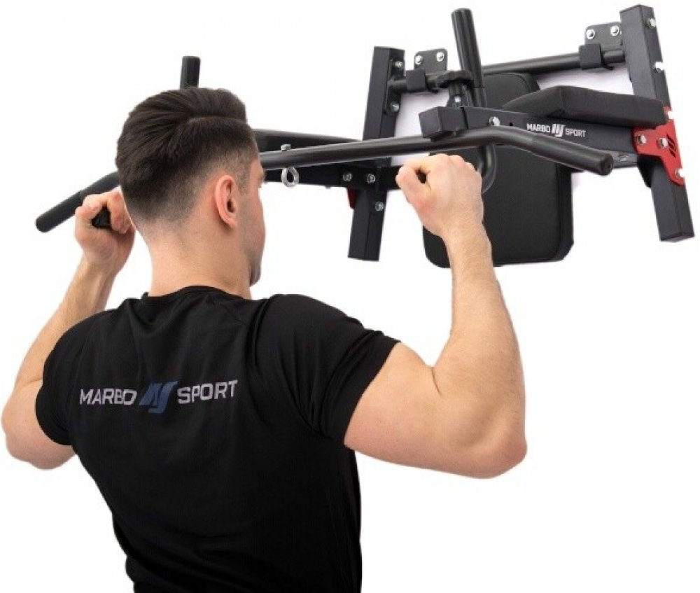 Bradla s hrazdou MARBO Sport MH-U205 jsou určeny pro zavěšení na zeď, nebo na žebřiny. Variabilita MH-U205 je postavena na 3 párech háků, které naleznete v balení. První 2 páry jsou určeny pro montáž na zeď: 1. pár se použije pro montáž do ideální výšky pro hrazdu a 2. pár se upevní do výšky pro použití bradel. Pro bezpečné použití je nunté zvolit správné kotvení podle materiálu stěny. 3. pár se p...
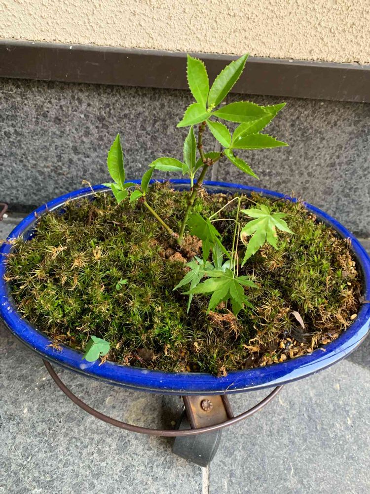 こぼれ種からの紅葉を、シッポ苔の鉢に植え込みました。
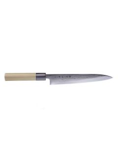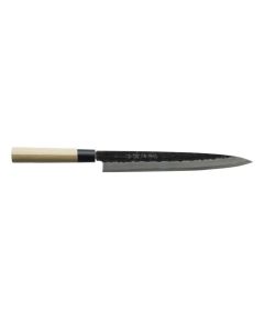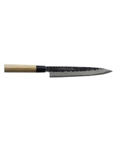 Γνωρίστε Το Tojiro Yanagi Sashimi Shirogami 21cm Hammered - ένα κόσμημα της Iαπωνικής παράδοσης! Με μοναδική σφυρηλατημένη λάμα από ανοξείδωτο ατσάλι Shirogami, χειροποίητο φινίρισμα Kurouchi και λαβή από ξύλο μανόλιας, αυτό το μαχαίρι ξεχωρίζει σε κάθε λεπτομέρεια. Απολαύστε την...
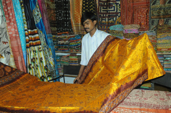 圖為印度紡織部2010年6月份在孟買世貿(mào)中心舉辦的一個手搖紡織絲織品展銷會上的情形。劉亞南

————————

* PROBLEM DESCRIPTION *
When you write out the material, reproduce each line exactly and omit any picture it holds.

* RESPONSE AREA *
 Bradla s hrazdou MARBO Sport MH-U205 jsou určeny pro zavěšení na zeď, nebo na žebřiny. Variabilita MH-U205 je postavena na 3 párech háků, které naleznete v balení. První 2 páry jsou určeny pro montáž na zeď: 1. pár se použije pro montáž do ideální výšky pro hrazdu a 2. pár se upevní do výšky pro použití bradel. Pro bezpečné použití je nunté zvolit správné kotvení podle materiálu stěny. 3. pár se p...
 こぼれ種からの紅葉を、シッポ苔の鉢に植え込みました。
 Γνωρίστε Το Tojiro Yanagi Sashimi Shirogami 21cm Hammered - ένα κόσμημα της Iαπωνικής παράδοσης! Με μοναδική σφυρηλατημένη λάμα από ανοξείδωτο ατσάλι Shirogami, χειροποίητο φινίρισμα Kurouchi και λαβή από ξύλο μανόλιας, αυτό το μαχαίρι ξεχωρίζει σε κάθε λεπτομέρεια. Απολαύστε την...
 圖為印度紡織部2010年6月份在孟買世貿(mào)中心舉辦的一個手搖紡織絲織品展銷會上的情形。劉亞南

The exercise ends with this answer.